* About this task
This calls for a word-for-word copy of all the data, with each picture removed.

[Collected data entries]
______
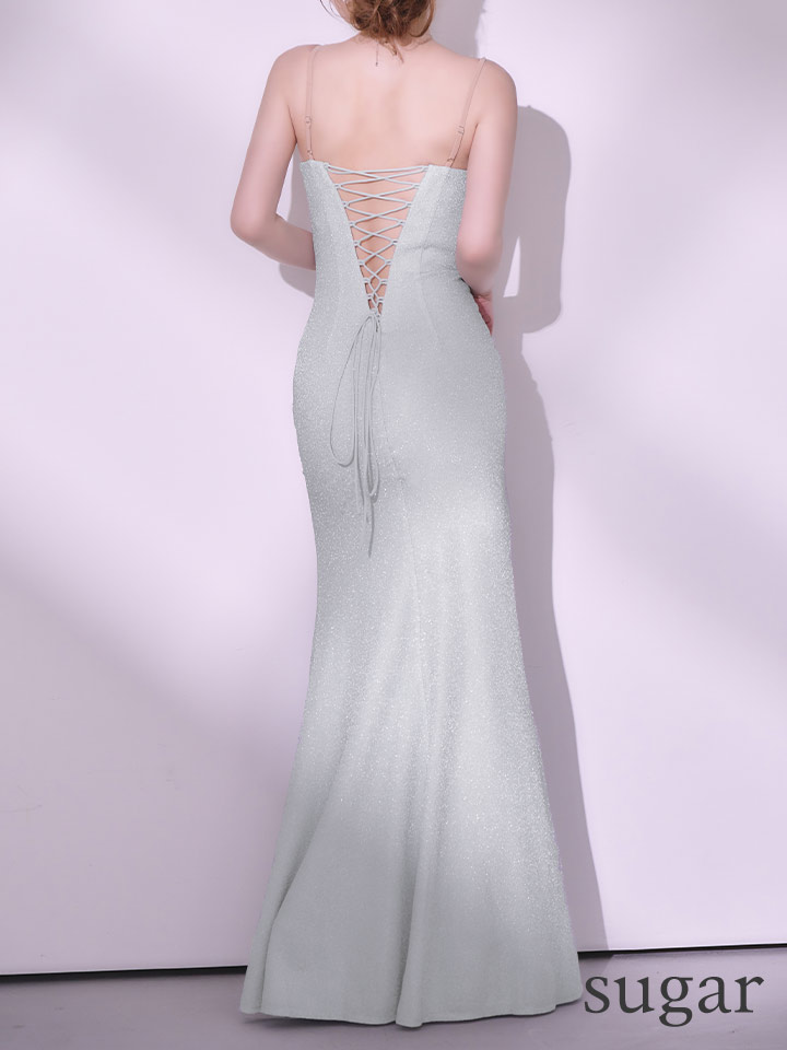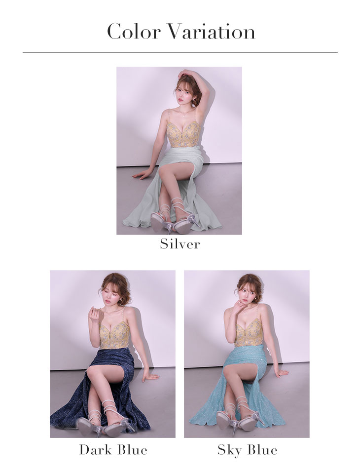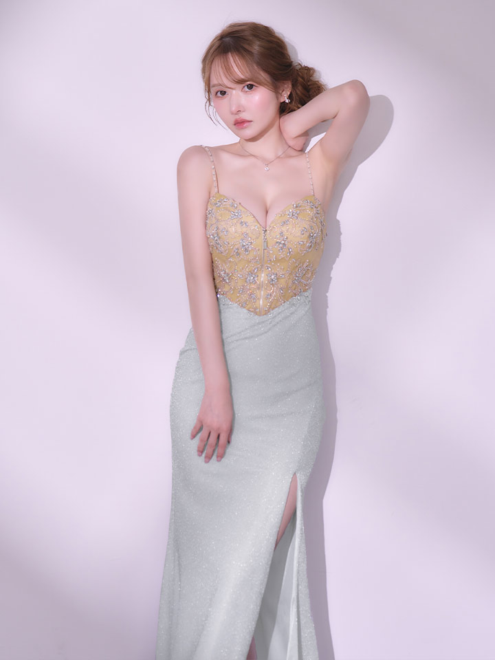 繊細なビジュー輝く刺繍が儚さを演出するスリットロングドレス♡
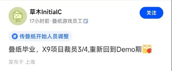 近期让叠纸卷入裁员传闻的是X9项目,叠纸被裁员工匿名披露X9项目裁员75%,重新回到Demo时期,虽然改游戏名称未知,但据称类型是解谜ARPG手游。至于裁员原因,该员工则表示猜测是公司资金链紧张。另外,该员工还透露了X5项目《逆光潜入》制作人被开,现在由老板接手这一信息。其实早在今年9月,就有消息称叠纸某核心项目组战斗策划被全部裁掉,不过并不能确认是哪个项目,但也可见叠纸部分在研项目的开发过程颇为不顺。
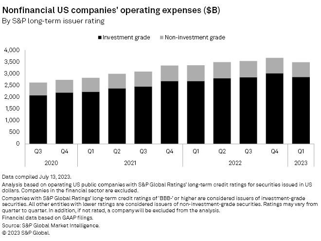 US corporations cut costs in the first quarter of the year as rising interest rates and a weakening economy worsened operating conditions. The total operating expenses of companies rated investment grade by S&P Global Ratings dropped 5.3% in the quarter to $2.858 trillion. Companies with weaker balance sheets also trimmed costs. Total operating expenses of non-investment-grade companies fell 3.8% from the fourth quarter of 2022 to $628.71 billion, according to the latest Market Intelligence data.
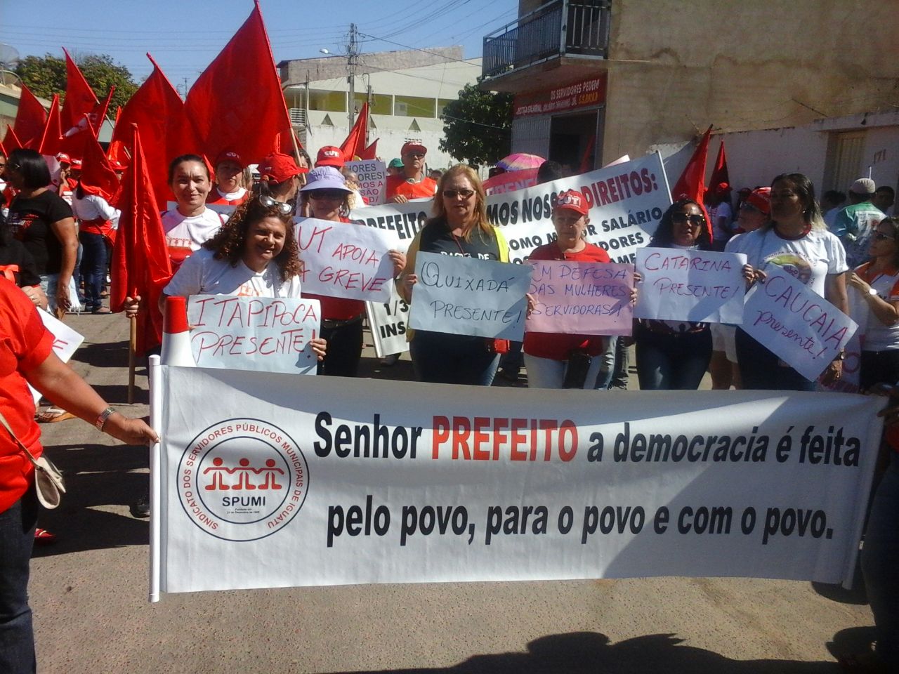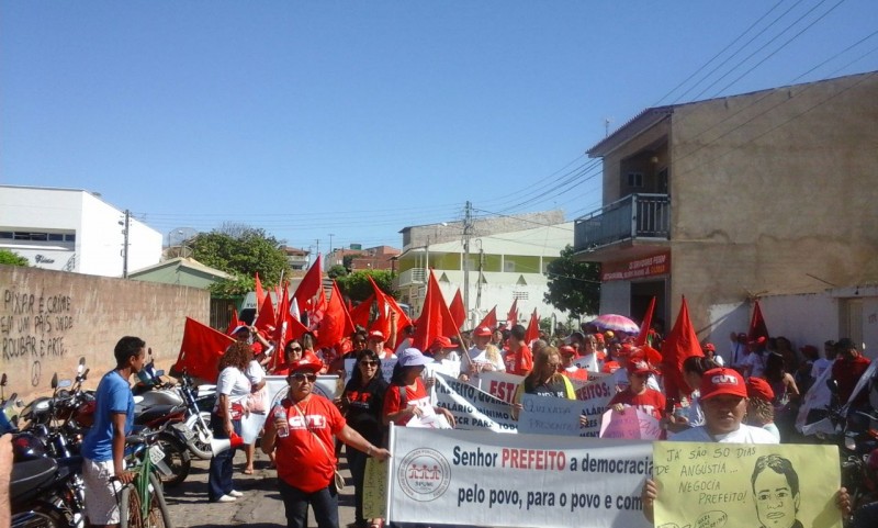 Centenas de servidores municipais em greve reuniram-se em Várzea Alegre, para um ato público de protesto, os grevistas promoveram uma caminhada pelas principais ruas da cidade. Estiveram presentes apoiando o ato unificado, servidores de diversos municípios: Brejo Santo, Catarina, Caucáia, Iguatu, Itapipoca e Quixada.
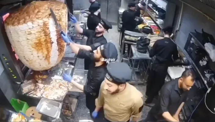 Вес конструкции примерно 500 кг. Вертел упал во время нарезки мяса.
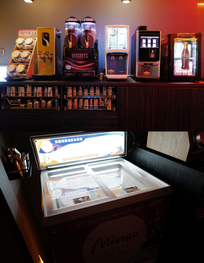 飲料也都是自助吧,提供多種冷熱飲,肥宅我的快樂水當然也有提供,另外冰淇淋提供的是泰國明果冰淇淋(Mingo)。 |
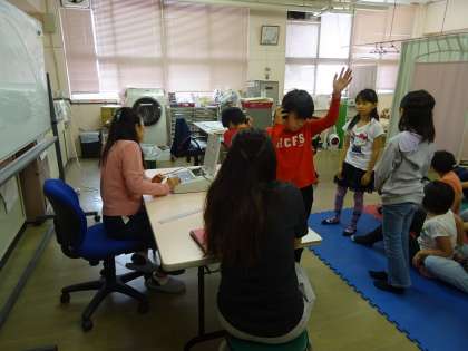 5年生は聴力検査をしました。検査の間、子ども達はとても静かに自分の順番を待っていました。
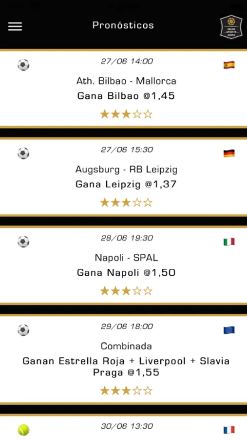 Ahora puedes obtener pronósticos deportivos en un simple vistazo. Recibe los pronósticos en forma de notificación en tu móvil, sin necesidad de estar comprobando constantemente páginas web, redes sociales o prensa deportiva.
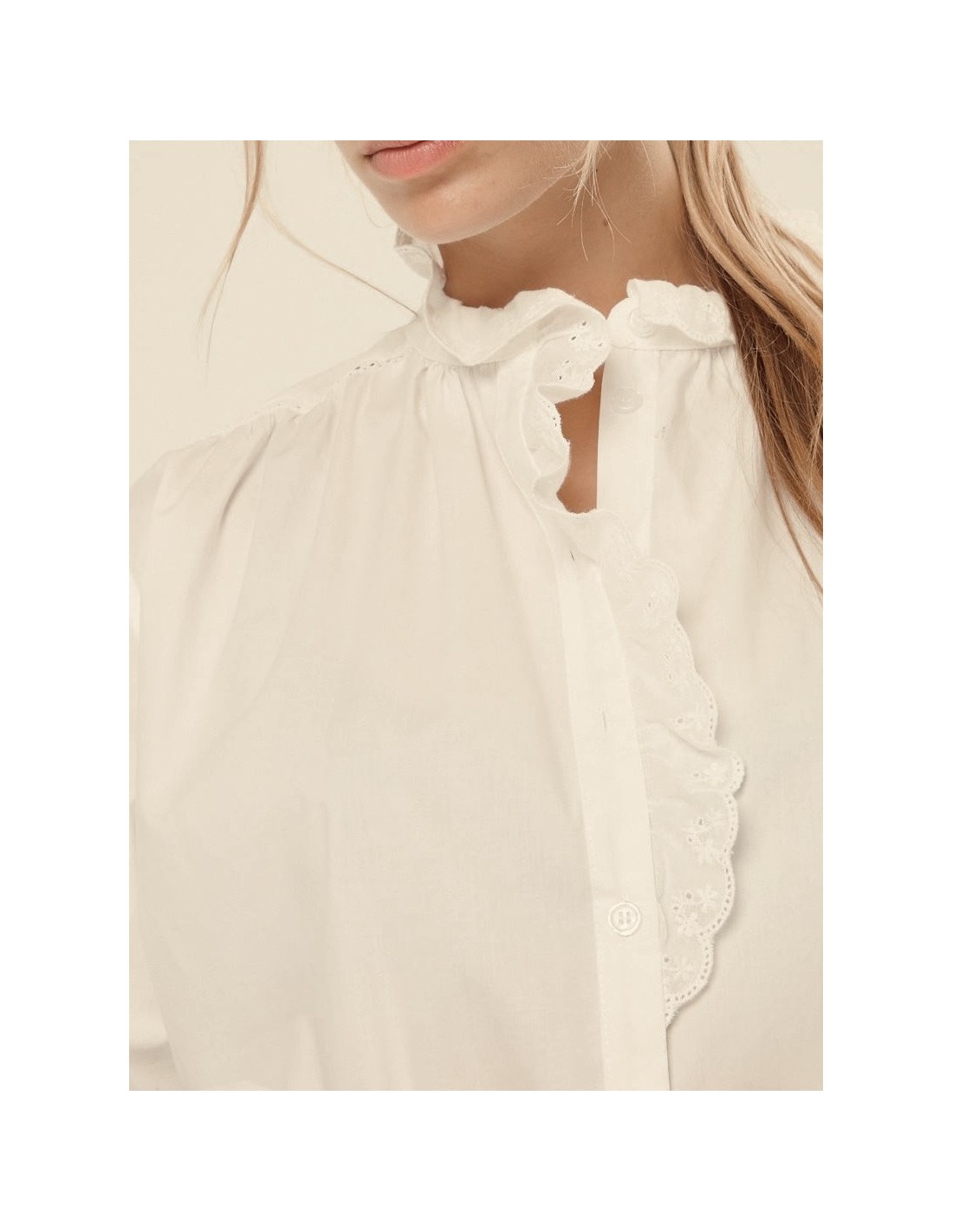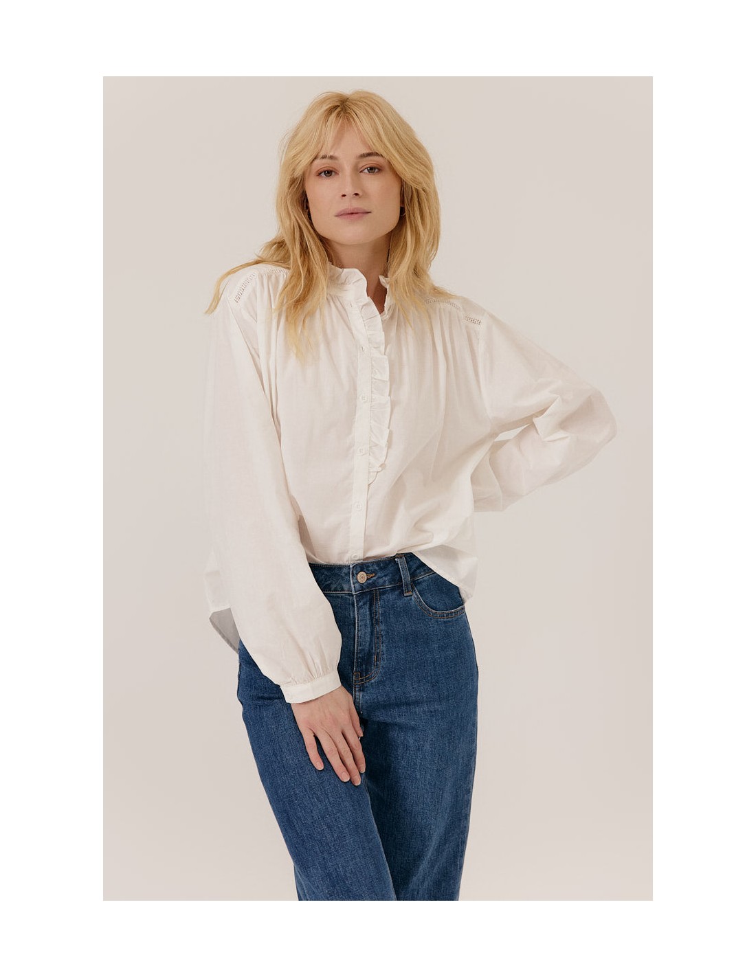 Camisa blanca con cuello con volantes y tapeta fruncida. Un detalle romántico para un look refinado - Artlove. 100% ALGODÓN
______
* Result of the task
 繊細なビジュー輝く刺繍が儚さを演出するスリットロングドレス♡
 近期让叠纸卷入裁员传闻的是X9项目,叠纸被裁员工匿名披露X9项目裁员75%,重新回到Demo时期,虽然改游戏名称未知,但据称类型是解谜ARPG手游。至于裁员原因,该员工则表示猜测是公司资金链紧张。另外,该员工还透露了X5项目《逆光潜入》制作人被开,现在由老板接手这一信息。其实早在今年9月,就有消息称叠纸某核心项目组战斗策划被全部裁掉,不过并不能确认是哪个项目,但也可见叠纸部分在研项目的开发过程颇为不顺。
 US corporations cut costs in the first quarter of the year as rising interest rates and a weakening economy worsened operating conditions. The total operating expenses of companies rated investment grade by S&P Global Ratings dropped 5.3% in the quarter to $2.858 trillion. Companies with weaker balance sheets also trimmed costs. Total operating expenses of non-investment-grade companies fell 3.8% from the fourth quarter of 2022 to $628.71 billion, according to the latest Market Intelligence data.
 Centenas de servidores municipais em greve reuniram-se em Várzea Alegre, para um ato público de protesto, os grevistas promoveram uma caminhada pelas principais ruas da cidade. Estiveram presentes apoiando o ato unificado, servidores de diversos municípios: Brejo Santo, Catarina, Caucáia, Iguatu, Itapipoca e Quixada.
 Вес конструкции примерно 500 кг. Вертел упал во время нарезки мяса.
 飲料也都是自助吧,提供多種冷熱飲,肥宅我的快樂水當然也有提供,另外冰淇淋提供的是泰國明果冰淇淋(Mingo)。 |
 5年生は聴力検査をしました。検査の間、子ども達はとても静かに自分の順番を待っていました。
 Ahora puedes obtener pronósticos deportivos en un simple vistazo. Recibe los pronósticos en forma de notificación en tu móvil, sin necesidad de estar comprobando constantemente páginas web, redes sociales o prensa deportiva.
 Camisa blanca con cuello con volantes y tapeta fruncida. Un detalle romántico para un look refinado - Artlove. 100% ALGODÓN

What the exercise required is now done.